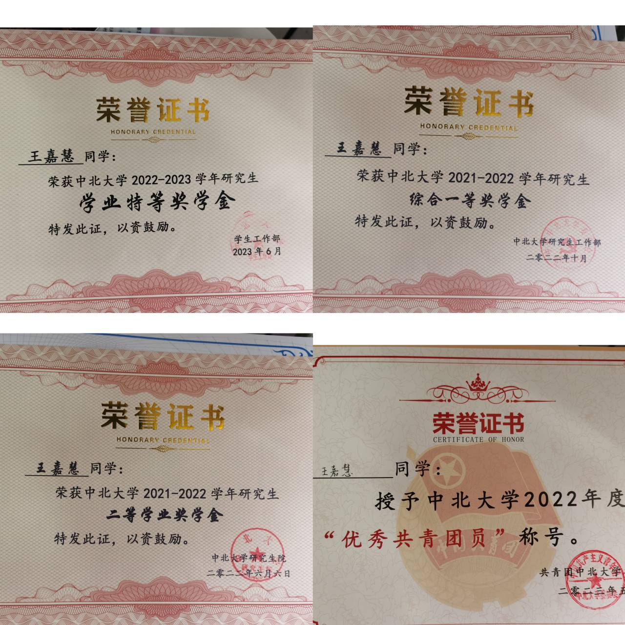 在思想上,在习近平新时代中国特色社会主义思想引导下,我始终在思想上、行动上与党中央保持高度一致、自觉贯彻执行党的路线方针政策,坚持党的基本路线,坚持党性原则,坚持政治立场,坚持理想信念,在2022年,获得中北大学2022年度“优秀共青团员”称号。
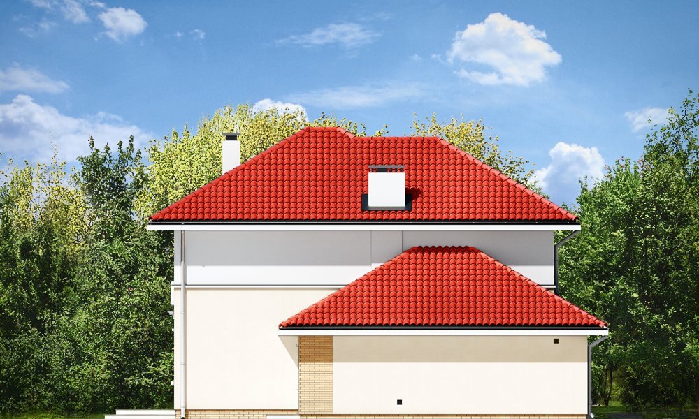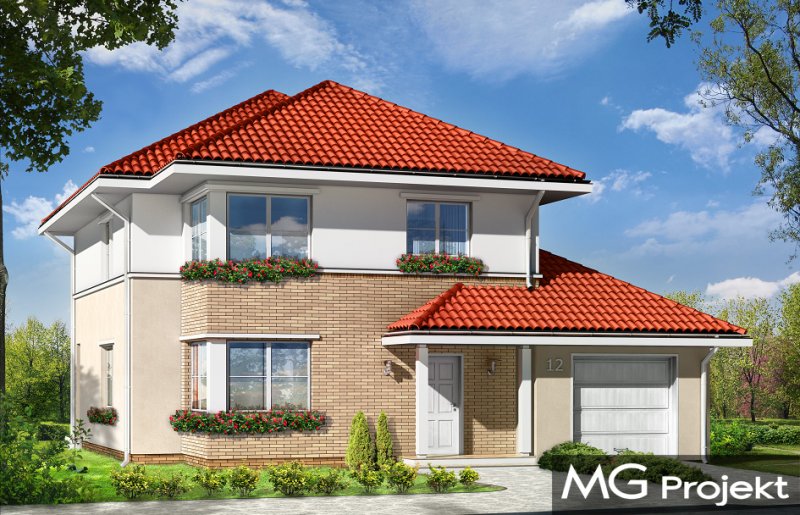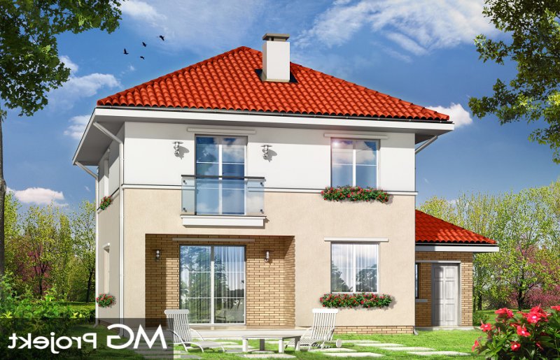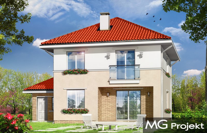 Ametyst to budynek jednorodzinny dla rodziny cztero-sześcioosobowej. Budynek piętrowy przykryty wielospadowym dachem. Zwarta, prosta w budowie bryła budynku z dobudowanym garażem, została urozmaicona okładziną klinkierową elewacji, oraz podcieniami - wejściowym i ogrodowym. W projekcie położyliśmy szczególny nacisk na czystość i prostotę formy budynku. Oszczędny detal dodaje domowi dyskretnej elegancji. Wnętrze domu również zaplanowano tak, aby podziały pomieszczeń były klarowne - bez zbędnych korytarzy, a same pokoje miały optymalny kształt. Na parterze zaprojektowano salon z jadalnią i holem, z częściowo otwartą kuchnią, oraz dodatkowy pokój - gabinet lub sypialnię gościnną. Na piętrze projektant umieścił trzy sypialnie z garderobami i wbudowanymi szafami, oraz dużą łazienkę. Istnieje możliwość wygospodarowania dodatkowego, czwartego pokoju na piętrze - likwidując garderobę. Dostępna jest także wersja odbicia lustrzanego projektu.
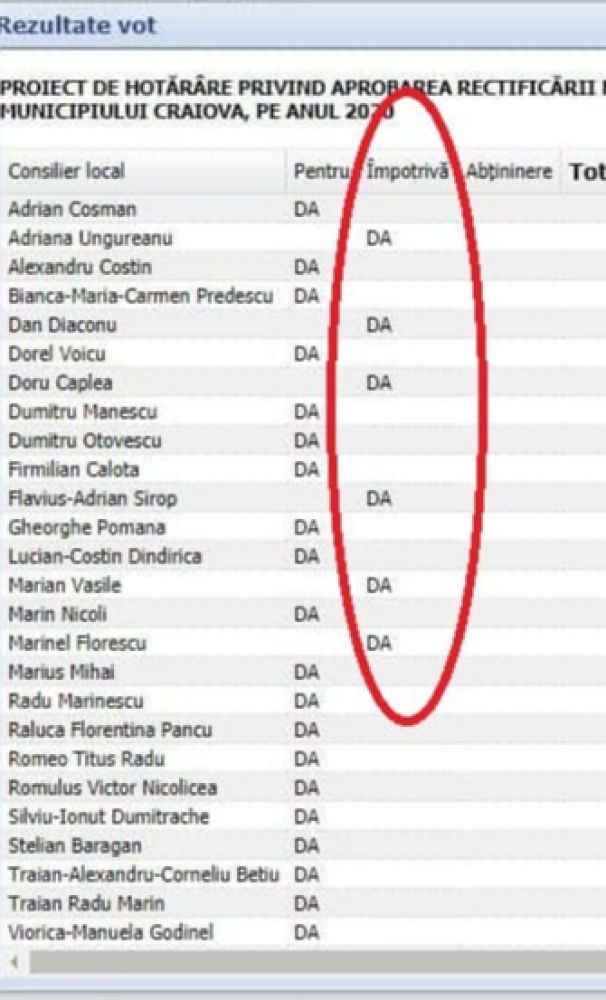 Consilierul liberal a prezentat și dovada că toți consilierii PNL au votat împotriva propunerii primarului genoiu și doar PSD-iștii au votat aberanta inițiativă: Adriana Ungureanu, Doru Câplea, Dan Diaconu, Marinel Florescu, Marian Vasile și Flavius Sirop (vezi imaginea).
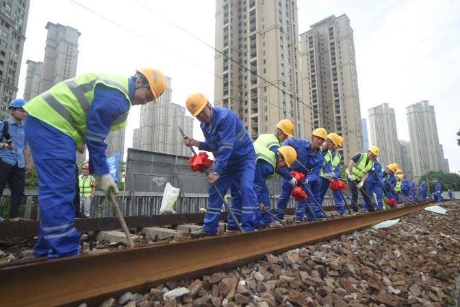 5月24日上午9时,武九铁路北环线三层楼铁路立交桥钢轨开始进行切割拆除。
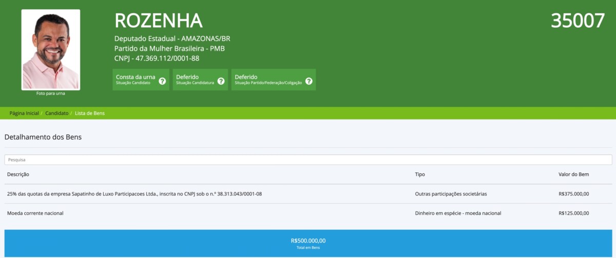 Vale ressaltar que Rozenha declarou ter R$ 500 mil de patrimônio mesmo só andando em carros de luxo, como seu carro Rand Rover e a histórica CG 125 da Honda, primeira moto fabricada no Amazonas, bem como sua loja, a Sapatinho de Luxo, presente em vários shoppings de Manaus e outras cidades na região norte e nordeste do país. A ostentação do empresário e da sua marca supostamente não condiz com a o que ela declara ter à Justiça Eleitoral, tendo em vista que recentemente o mesmo estrelou uma coleção nova em Dubai e contratou uma das maiores influenciadoras brasileiras para ser embaixadora, a Gkay.
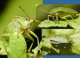 Pictured on the Oak sapling, the top and left pictures show clearly its piercing rostrum with which it sucks juices from plants. In the left-hand image it is stowed away, while the top image shows it lowered to the leaf surface.
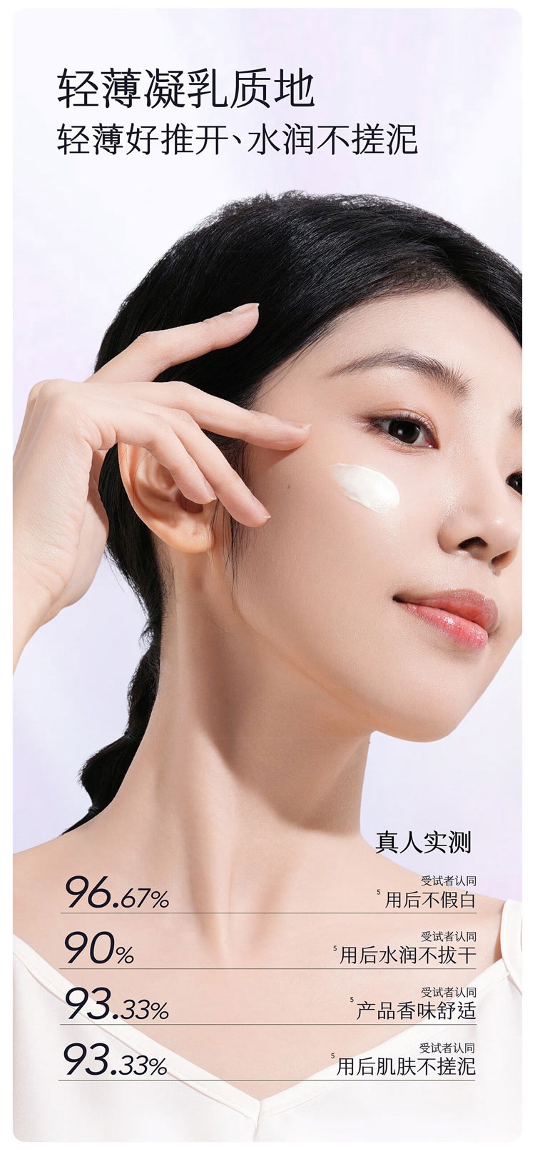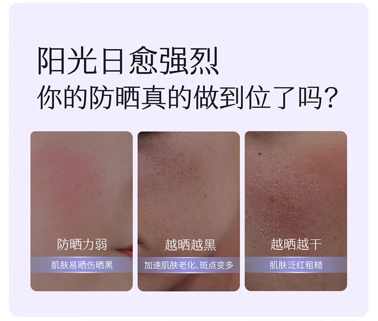 专研“智感”耐晒技术360°超光谱防晒无死角;轻薄凝乳质地,轻薄好推开;精准抑黑 层层美白,不止防晒更是养白精华
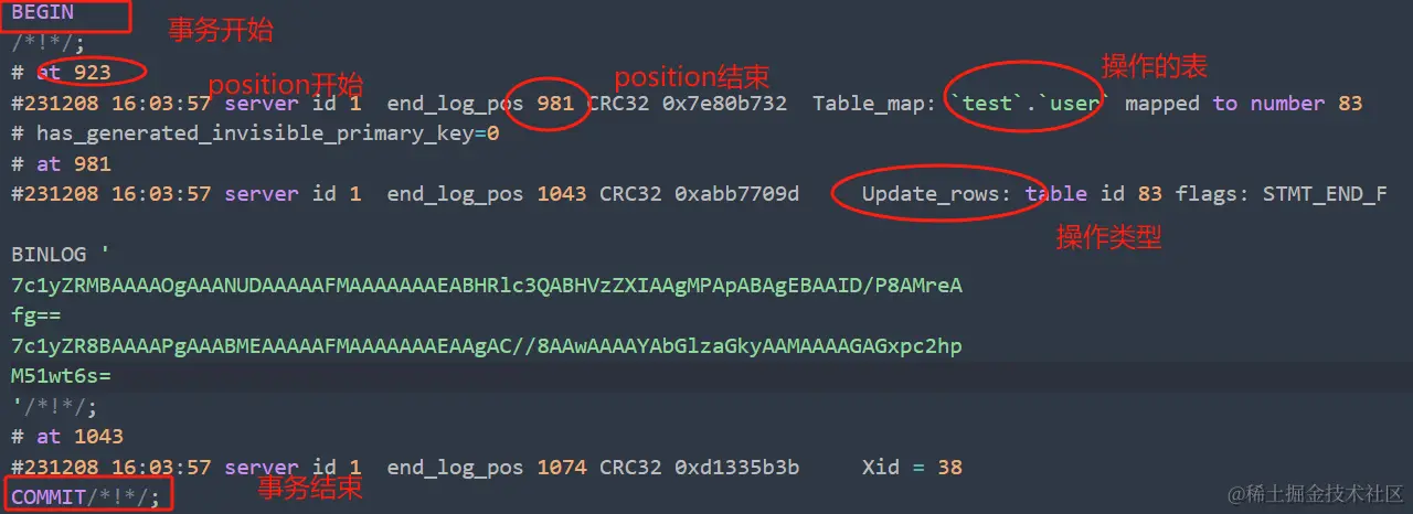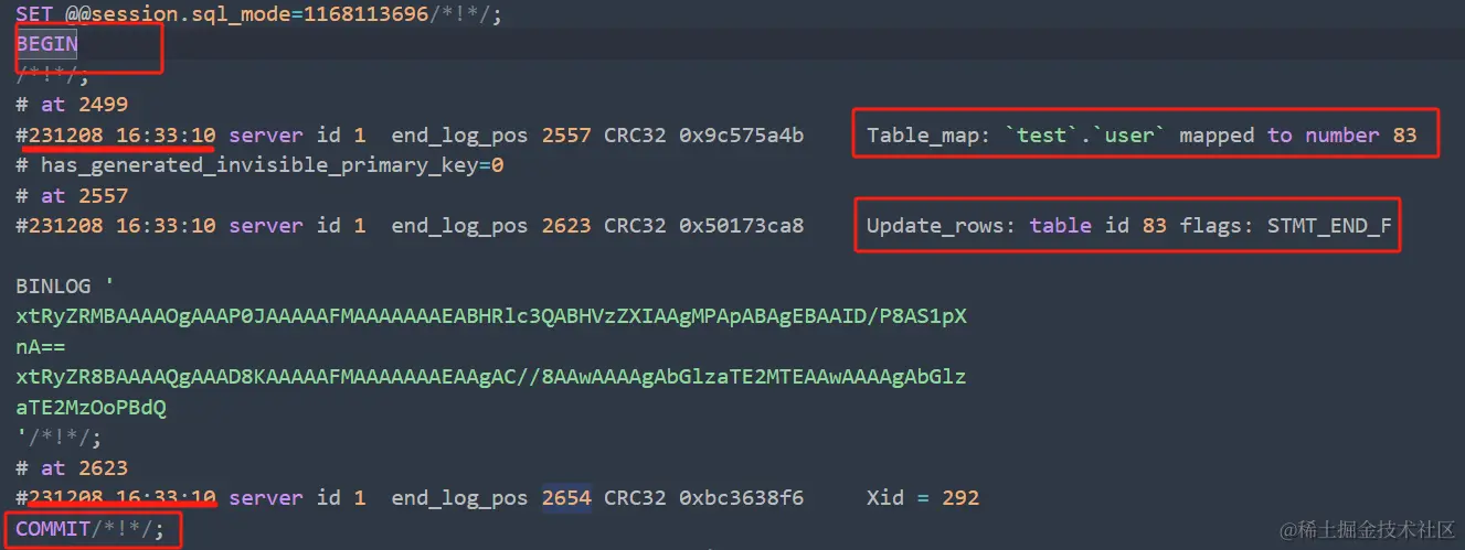 以上示例中包含了一个事务,其中有一个表映射事件(Table_map)和更新行事件(Update_rows)。二进制日志的语法结构包括事务开始、事件头、具体事件内容(如表映射、更新行等),以及事务提交。每个事件都有特定的注释信息,描述了事件类型、时间戳、服务器ID、binlog事件的起始位置等。在这个例子中,更新行事件包含了更新表test.user的行的数据。
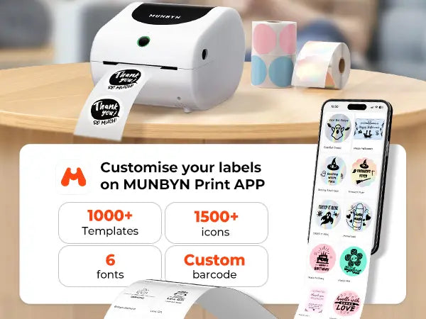 - Lifetime Technical Support: MUNBYN customer service team is available to assist you via phone, live chat, email, and remote desktop support, ensuring quick setup and hassle-free operation. Our Royal Mail label printer comes with lifetime technical support, giving you peace of mind.
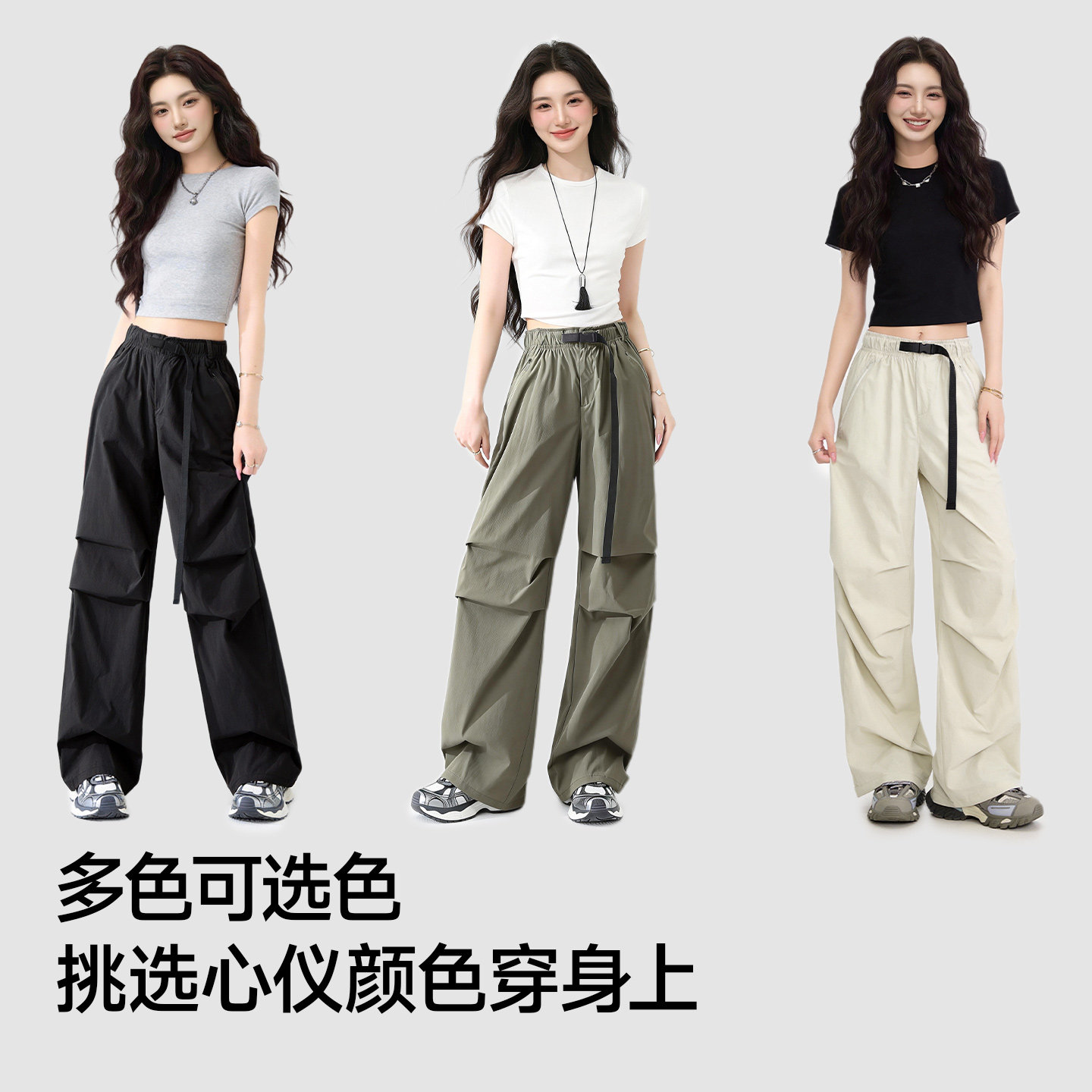猫人黑色工装裤女款2026新款高腰春季速干防晒伞兵裤小个子裤子Z
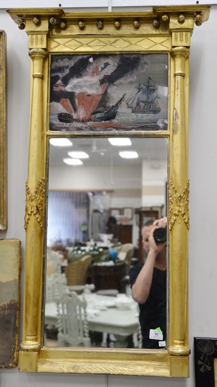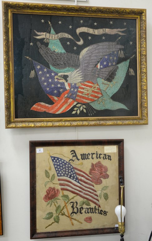 Two framed patriotic eagle embroideries including 19th century embroidery on silk of eagle with flags 24 x 30 and early 20th century embroidery of a flag with roses American Beauties 20 x 20.
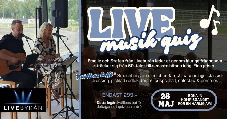 Emelie och Stefan från Livebyrån leder er genom kluriga frågor som sträcker sig från 50-talet till senaste hitsen från idag. Fina priser!

Task brief |
Nothing but the lines from the one containing "以上示例中包含了一个事务,其" through the last line of the listing should be copied, each word for word and without pictures.

Solution to the exercise |
 以上示例中包含了一个事务,其中有一个表映射事件(Table_map)和更新行事件(Update_rows)。二进制日志的语法结构包括事务开始、事件头、具体事件内容(如表映射、更新行等),以及事务提交。每个事件都有特定的注释信息,描述了事件类型、时间戳、服务器ID、binlog事件的起始位置等。在这个例子中,更新行事件包含了更新表test.user的行的数据。
 - Lifetime Technical Support: MUNBYN customer service team is available to assist you via phone, live chat, email, and remote desktop support, ensuring quick setup and hassle-free operation. Our Royal Mail label printer comes with lifetime technical support, giving you peace of mind.
猫人黑色工装裤女款2026新款高腰春季速干防晒伞兵裤小个子裤子Z
 Two framed patriotic eagle embroideries including 19th century embroidery on silk of eagle with flags 24 x 30 and early 20th century embroidery of a flag with roses American Beauties 20 x 20.
 Emelie och Stefan från Livebyrån leder er genom kluriga frågor som sträcker sig från 50-talet till senaste hitsen från idag. Fina priser!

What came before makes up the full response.